Primary Key and Index

Read(375) Label: primary key, index,

esProc allows specifying one or more fields as a table sequence’s primary key, based on which certain functions make queries. This simplifies code and effectively increases performance.

find and pfind functions

Primary keys are common in database tables. A value of the primary key field is used to uniquely identify a record. A primary key must not contain identical values, which is a mandatory requirement by many databases.

esProc allows multiple primary key fields in a TSeq. The keys’ order should be fixed. Key values are called primary keys. We consider that a primary key has unique values among records. But no mandatory check will be executed and error won’t be reported even if there are identical key values.
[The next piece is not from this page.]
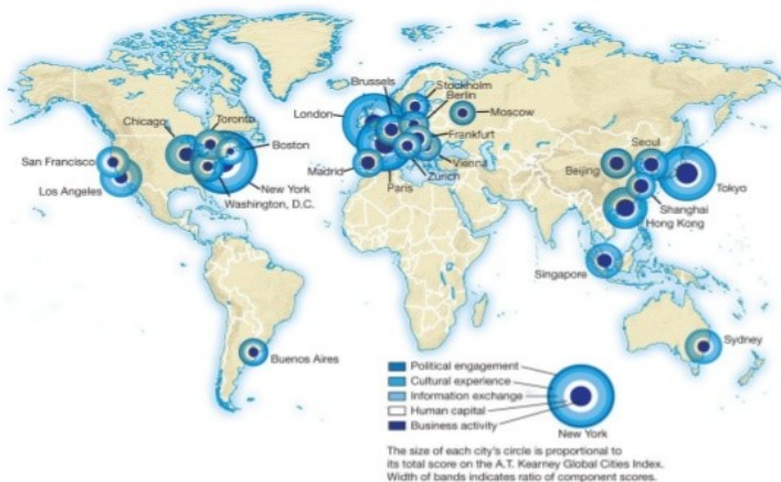
Figure 10.D Top 25 cities in the global cities index 2010

Both T.pfind(k) and T.find(k) search table sequence T for records according to primary key value k. find returns the first-found record and pfind returns the sequence number of this record. k can be a single value or a sequence depending on the number of the keys in T.

To specify a primary key consisting of one or more fields, use T.keys(Fi,…) function, which defines Fi,… as the primary key of table sequence T. create(Fi,…) function allows specifying key fields by adding the sign # before field names when creating an empty table sequence, like =create(#OrderID,Client,SellerId,Amount,OrderDate). OrderID is the primary key of this newly-created empty table sequence.

Locating functions T.select() and T.pselect() are conventionally used to search records in a table sequence. We’ll compare their uses with pfind and find.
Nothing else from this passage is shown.